We are not just a research lab. We do things that help people solve problems. So we define the problems that matter most. On my X account, I frequently do surveys like, what matters more to you? These feedback signals are very useful to our researchers, and they can hear real-world user feedback. We collected more than 10,000 responses from that survey. It’s very quick and very fast. It lets them see the drawbacks of GLM-5, for example, because they might think, okay, GLM-5 is pretty good. Nobody will choose “the capabilities are not great enough.” But frankly speaking, there are a lot of people still choosing that the capabilities need to be improved. Rather than saying you don’t have vision, for many people it’s okay not to have vision, but you need to catch up with Opus 4.6.
Kyle Chan (14:16)
Mm-hmm. Yeah, ultimately that is probably the must-have, right? And then everything else is additional, layered on top of that.

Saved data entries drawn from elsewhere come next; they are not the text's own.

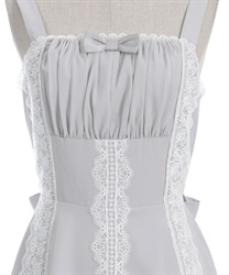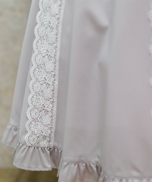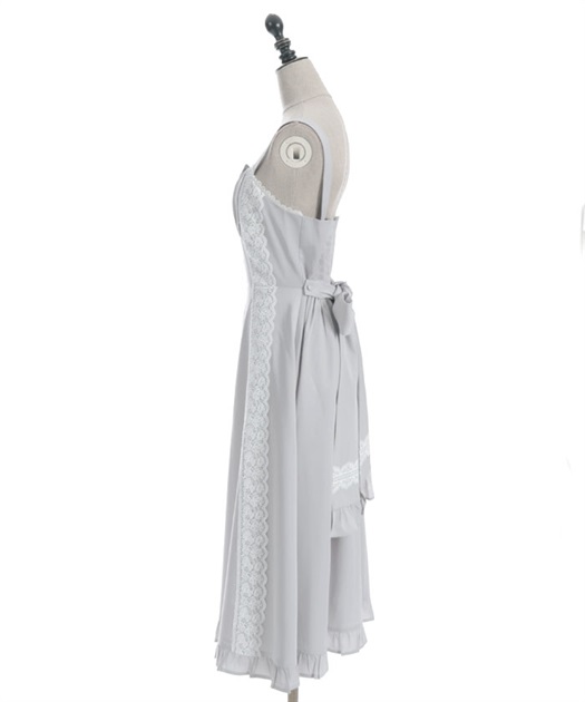 前身頃のウエストにはギャザーがなく、すっきりとしたシルエットが美しいジャンパースカートです。前身頃にあしらったレースがより縦のラインを引き立ててくれるので、より大人らしい凛とした印象になります。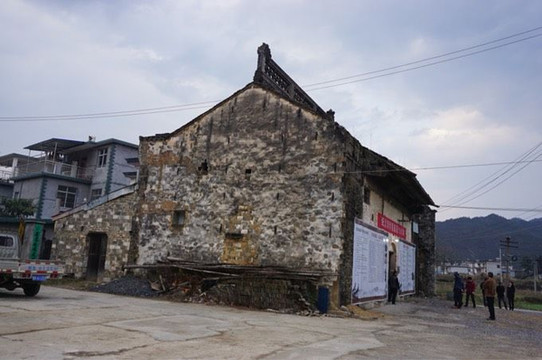 存放着刻有周家山祠堂记的石碑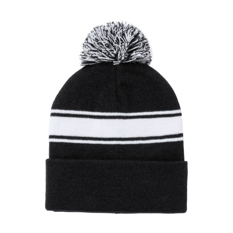 Acrylic winter hat with white stripes and matching colour pompom.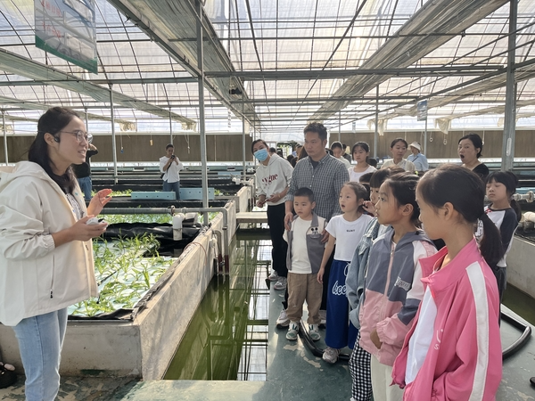 孩子们在县农科所副所长阮琦琦的带领下,参观了水培生菜基地、水稻育种基地和棉花育种基地,对水培植物的生长特点、水稻棉花从种子发芽到果实成熟的生长周期、不同水稻品种的特点等有了深入的了解。“同学们,你们知道生菜在水里生长有什么好处吗?”“你们知道我们平时吃的粽子是用哪种稻米做的吗?”“棉花可以用来做什么呢?”......一个个有趣的提问,引导孩子们用发现和探究的科学视角去思考问题,解决问题。

Z.ai has been working on agentic AI models for a long time now, sort of before it was cool. And I was wondering, going forward, we talked about long horizon, but more generally, what are the challenges with developing these models in a way that’s geared more toward these agentic workflows? Are more of the challenges on the engineering side, trying to wrestle enough compute to be able to train and experiment with different models? Or is it how to get the right kind of RL loop going, because how are you going to give the right feedback for such a complex outcome and then iterate on that? I don’t know if there are certain specific challenges to training foundation models and developing them in the age of agents.
Zixuan Li (15:26)
Yes, there are a lot of barriers, a lot of difficulties, so I’ll mention some. First is the speed of compute. We don’t want the task to take longer, because we want the result in a minute. The reason why it seems so long is that the inference speed is not that fast. So you need to wait for the agent to perform the task. Why not have a result in a minute instead of having it in eight hours?

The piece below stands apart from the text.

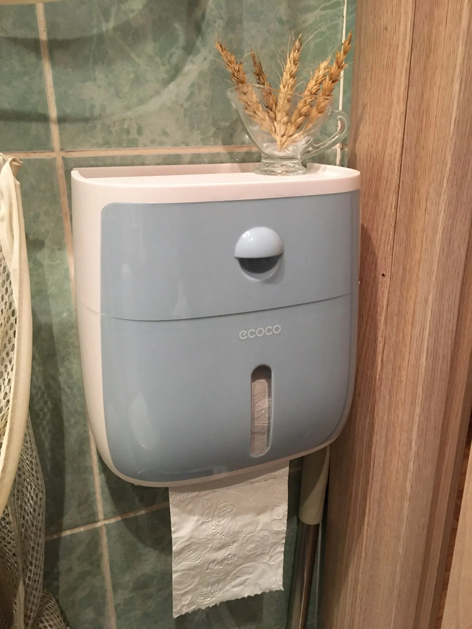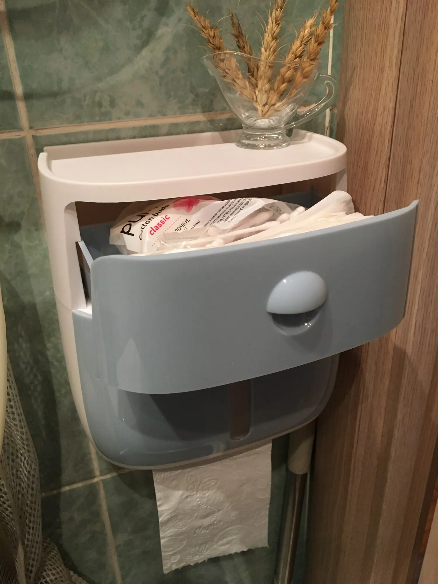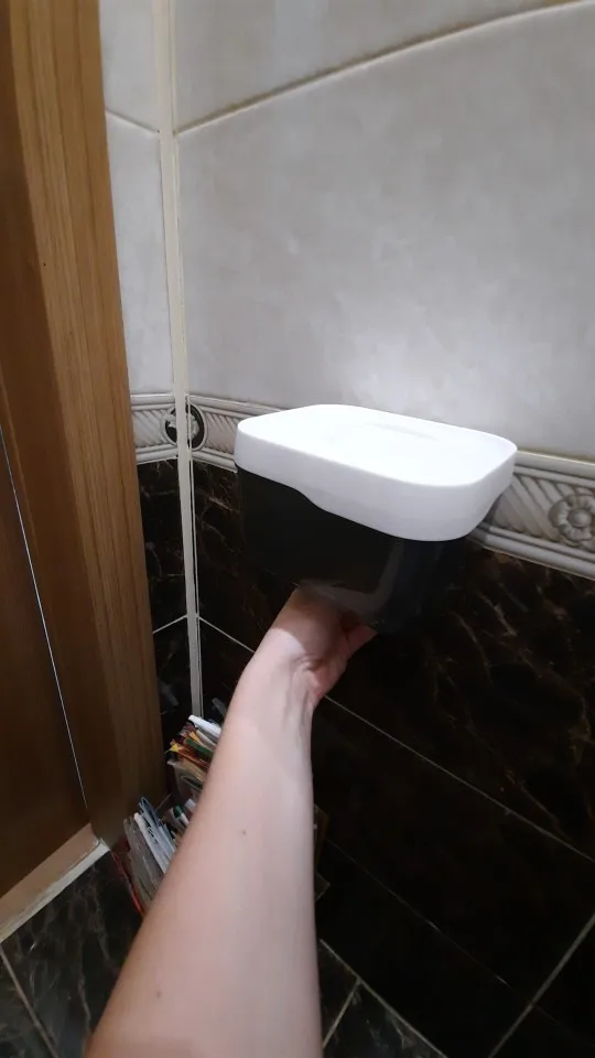 Отличный держатель, правда, немного меньше, чем ожидала. Крепила к стене на саморезы. В верхний ящичек помещается пачка влажных салфеток.

So for long-horizon tasks, I think we need to improve the infrastructure of agentic inference, things like that. Different architecture, not only GPU inference, but also how you organize the results, whether you do the tasks in parallel or in other forms to speed up the process. For me, I like Gemini because Gemini is super fast. We don’t need an answer that takes an hour. You just want to see it instantly.

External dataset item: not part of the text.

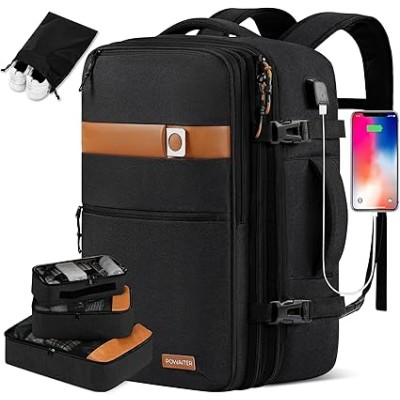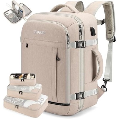 42L Flight Approved Travel Backpack with 4 Packing cubes,Expandable Water-resistant 17Inch Laptop Backpack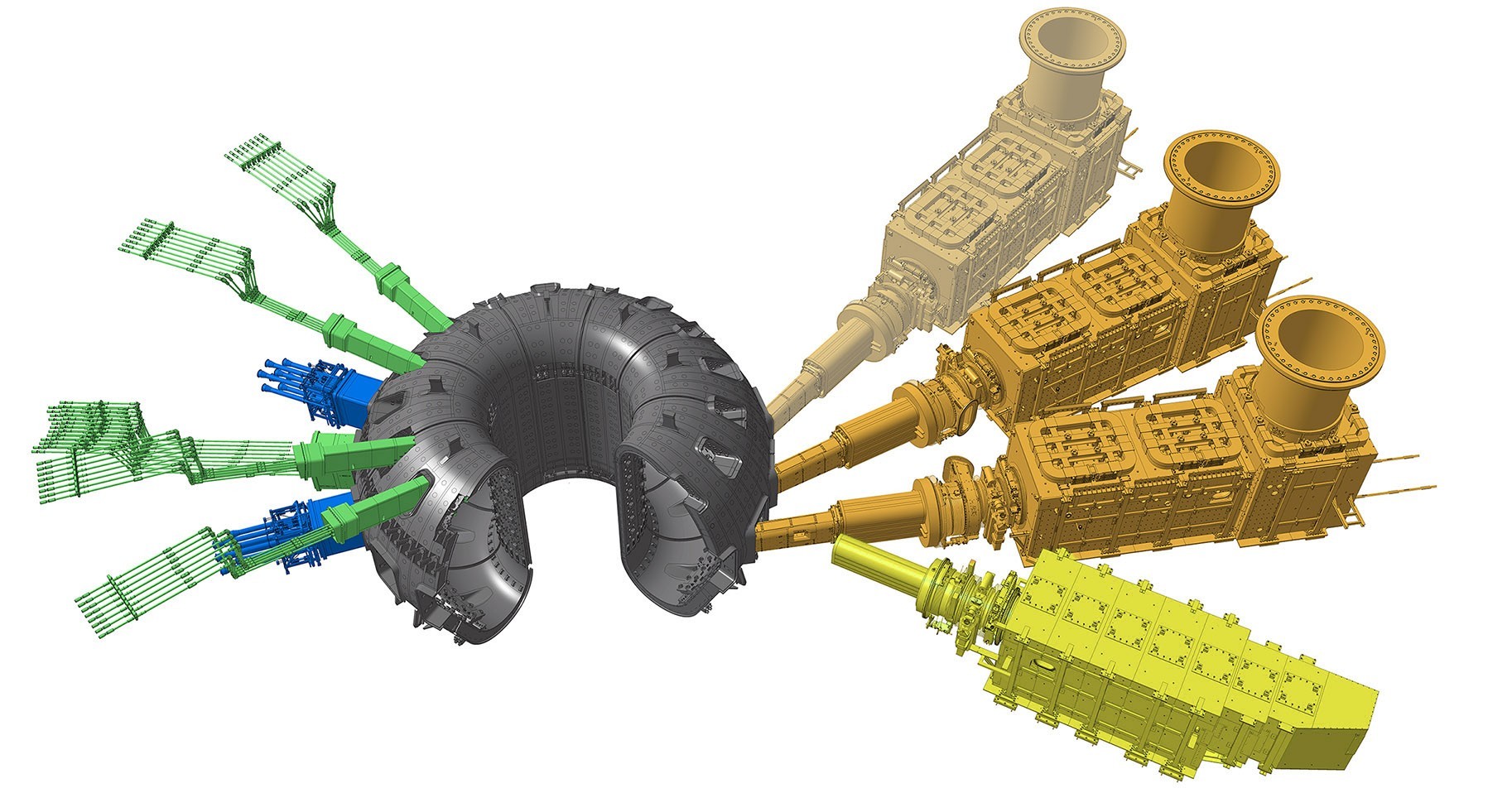 Den anden metode til opvarmning af et plasma er via tilskud af neutrale partikler (neutral-beam injection på engelsk – eller bare NBI). Uden for plasmakammeret er det muligt at accelerere ioner til høje hastigheder. Ionerne, som nu har en høj kinetisk energi, kan efterfølgende neutraliseres og skydes ind i plasmaet. Neutralisering betyder, at elektroner bliver forbundet til de hurtige ioner, som herefter kan opfattes som hurtige, neutrale partikler. I plasmaet bliver de neutrale partikler igen ioniseret grundet den høje temperatur i plasmaet, og de vil kollidere med andre ioner i plasmaet og afsætte deres kinetiske energi. På figuren øverst kan man se NBI-systemet i ITER (farvet orange).

If you finish a task within 10 hours, that’s not ideal for the general public. Maybe it’s ideal for researchers or developers, and super developers, not ordinary developers, because they don’t trust AI. They don’t want AI to perform tasks for them during their sleep. So to get more of the general public to accept this idea, we need to run these tasks super fast.
So that’s one issue. The second issue is context. When we see the agent doing tasks in its third round or fourth round, when the context window is compressed, sometimes it loses all the information and it cannot follow instructions. It’s pretty normal, not only for Chinese models but also for all the frontier models like Gemini. They declare they have a 1 million context window, but actually after several hundred thousand tokens, they just cannot recall anything or recall key information. So that’s very important.
And there are also a lot of foundational issues. Hallucination. You cannot solve it completely. The model creates something that doesn’t belong to your work or doesn’t exist. So with long-horizon tasks, it grows exponentially. The hallucination will pass from the first round to the last one.
Kyle Chan (18:34)
Yeah, a lot of labs talk about the same problems, and any user who uses these models on a regular basis will know that feeling of when the context window is starting to run out and it’s just not really responding appropriately anymore, kind of making up stuff.
Zixuan Li (18:57)
Yes, and we also lack training data because no one has done it so far. No one has performed a task over 10 hours and collected all the data and then gone back to label it.
Kyle Chan (19:01)
Mm-hmm.
Yeah, so what do you do without that kind of data, right?
Zixuan Li (19:19)
So we need more RL and we need more synthetic data. We think about synthetic data, but also try to find the hallucination inside it, try to correct all the non-instruction-following issues.
Kyle Chan (19:37)
Z.ai has been especially at the forefront in terms of working with Chinese chipmakers and Chinese hardware to support model deployment on AI chips like Huawei Ascend or Moore Threads or Cambricon. And if I recall correctly, GLM Image, the image generation model, was trained end-to-end on Huawei Ascend chips. And then more recently, in the latest Z.ai earnings report, there was a discussion of co-design and hardware-software collaboration. So I was wondering, what is the strategy behind this? Why is this seemingly a big priority for Z.ai? And what’s it like to work with the Chinese chipmakers too?
Zixuan Li (20:28)
I think the reason is quite simple. We don’t have access to NVIDIA chips. All the Chinese companies, I think, face similar issues. And we don’t have Blackwell. So that may restrict the scaling of our capacity and our performance.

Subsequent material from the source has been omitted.